Foodservice companies continue to feel the effect of supply-chain disruption, manifesting itself in higher freight costs and delivery delays.

“Many foodservice companies are still feeling the pinch when it comes to global supply-chain challenges involving microchips, valves, components, stainless steel and rising freight costs,” says Moreland. “Last spring, lead times for combi-ovens were five to eight months, but they’ve started to improve. Freight rates are also stabilizing, but I don’t think we’ll see the rates go back to what they were pre-pandemic. A year-and-a-half ago, freight quote rates were as high as US$26,000 for a 40-foot container, whereas pre-pandemic it was roughly US$4,500 to US$5,000 for a 40-foot container.

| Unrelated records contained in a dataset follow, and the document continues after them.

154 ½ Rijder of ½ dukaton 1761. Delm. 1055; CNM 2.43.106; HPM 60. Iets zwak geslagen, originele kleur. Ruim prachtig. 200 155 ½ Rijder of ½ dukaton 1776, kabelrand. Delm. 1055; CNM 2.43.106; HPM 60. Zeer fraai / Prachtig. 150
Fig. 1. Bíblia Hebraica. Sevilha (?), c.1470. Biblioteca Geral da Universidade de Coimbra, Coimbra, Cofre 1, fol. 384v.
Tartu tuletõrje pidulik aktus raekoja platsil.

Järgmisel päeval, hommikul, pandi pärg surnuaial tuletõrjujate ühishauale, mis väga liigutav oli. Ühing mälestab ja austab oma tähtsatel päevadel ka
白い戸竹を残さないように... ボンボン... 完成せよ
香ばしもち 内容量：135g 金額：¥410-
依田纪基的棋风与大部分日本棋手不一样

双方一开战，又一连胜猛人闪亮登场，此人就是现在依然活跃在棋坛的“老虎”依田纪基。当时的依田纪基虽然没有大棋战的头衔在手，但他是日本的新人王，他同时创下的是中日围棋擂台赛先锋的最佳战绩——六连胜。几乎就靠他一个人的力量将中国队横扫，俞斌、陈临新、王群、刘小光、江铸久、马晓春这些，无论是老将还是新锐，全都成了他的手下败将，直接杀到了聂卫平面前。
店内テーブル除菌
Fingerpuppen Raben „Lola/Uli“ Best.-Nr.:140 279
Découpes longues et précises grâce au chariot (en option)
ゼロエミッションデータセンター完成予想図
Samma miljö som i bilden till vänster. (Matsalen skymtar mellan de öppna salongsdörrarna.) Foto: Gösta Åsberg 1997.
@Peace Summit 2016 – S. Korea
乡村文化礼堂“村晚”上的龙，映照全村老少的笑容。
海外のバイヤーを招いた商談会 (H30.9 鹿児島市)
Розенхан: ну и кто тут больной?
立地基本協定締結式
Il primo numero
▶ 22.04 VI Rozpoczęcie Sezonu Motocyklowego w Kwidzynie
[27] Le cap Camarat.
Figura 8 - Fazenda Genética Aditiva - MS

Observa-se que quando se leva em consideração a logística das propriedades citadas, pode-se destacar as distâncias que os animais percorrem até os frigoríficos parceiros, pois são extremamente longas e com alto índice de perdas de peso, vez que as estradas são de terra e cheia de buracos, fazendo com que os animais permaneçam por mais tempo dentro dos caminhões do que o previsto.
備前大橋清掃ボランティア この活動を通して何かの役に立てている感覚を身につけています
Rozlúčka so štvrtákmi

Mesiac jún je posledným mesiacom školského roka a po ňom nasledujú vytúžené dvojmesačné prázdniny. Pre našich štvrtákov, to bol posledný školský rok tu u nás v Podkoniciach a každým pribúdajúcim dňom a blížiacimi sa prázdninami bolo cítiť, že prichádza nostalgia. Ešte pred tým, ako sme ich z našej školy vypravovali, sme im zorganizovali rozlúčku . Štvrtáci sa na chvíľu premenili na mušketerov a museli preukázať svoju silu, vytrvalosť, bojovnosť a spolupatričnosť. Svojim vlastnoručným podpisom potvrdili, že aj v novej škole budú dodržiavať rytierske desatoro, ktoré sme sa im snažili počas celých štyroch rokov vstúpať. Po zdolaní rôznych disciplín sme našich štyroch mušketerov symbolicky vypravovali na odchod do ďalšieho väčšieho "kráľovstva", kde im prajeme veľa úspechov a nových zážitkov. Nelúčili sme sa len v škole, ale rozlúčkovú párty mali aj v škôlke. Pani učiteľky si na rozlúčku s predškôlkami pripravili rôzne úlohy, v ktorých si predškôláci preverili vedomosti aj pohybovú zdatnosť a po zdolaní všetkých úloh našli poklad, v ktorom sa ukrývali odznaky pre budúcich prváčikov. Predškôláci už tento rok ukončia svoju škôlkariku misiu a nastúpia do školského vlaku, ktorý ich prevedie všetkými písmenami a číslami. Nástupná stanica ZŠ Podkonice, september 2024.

The average is currently US$9,500 to US$11,000.”

Conversely, smaller brands have been able to meet the demand due to excess inventory while the leaders braced for setbacks. “Lesser-known brands, still of quality, have managed to gain some share because they’ve had product available and have gained substantial sales,” says Meehan. “Who knew product availability would be a unique selling proposition?”

Picking up Speed

In terms of other speed-cooking equipment, RATIONAL introduced the iVario Pro to the North American market in 2020.

“The iVario Pro makes it possible to boil, fry and deep fry with just one appliance four times faster [than traditional equipment] and uses up to 40 per cent less energy,” says Danielle Forget, senior marketing manager, RATIONAL Canada. “Two years later, we’re seeing more kitchens turning to this piece of equipment to help improve efficiency, quality and standardization in the kitchen.”

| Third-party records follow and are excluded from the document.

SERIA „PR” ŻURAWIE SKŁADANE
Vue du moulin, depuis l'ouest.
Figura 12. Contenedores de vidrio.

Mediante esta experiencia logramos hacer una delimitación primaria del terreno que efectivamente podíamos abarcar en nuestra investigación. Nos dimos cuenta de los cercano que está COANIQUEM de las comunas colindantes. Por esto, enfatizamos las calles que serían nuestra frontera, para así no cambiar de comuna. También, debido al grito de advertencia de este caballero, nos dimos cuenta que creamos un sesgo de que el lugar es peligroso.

Examples of iVario cooking times include 22 minutes for 33lbs of pasta; 20 minutes for 99lbs of beef stroganoff; and 70 minutes for 32lbs of rice pudding.

“The iVario Pro from RATIONAL is a tilting skillet, typically used for large capacity cooking, searing and frying, and is fully integrated with the same technology as a combi-oven,” says Moreland. “I’m interested to see how this piece of equipment will take off in the market.”

Additionally, Meehan says that while sous vide is a slower cooking process, it could become a component of speed cooking because the product has already been prepared and only requires a few minutes after it’s cooked to plate and serve.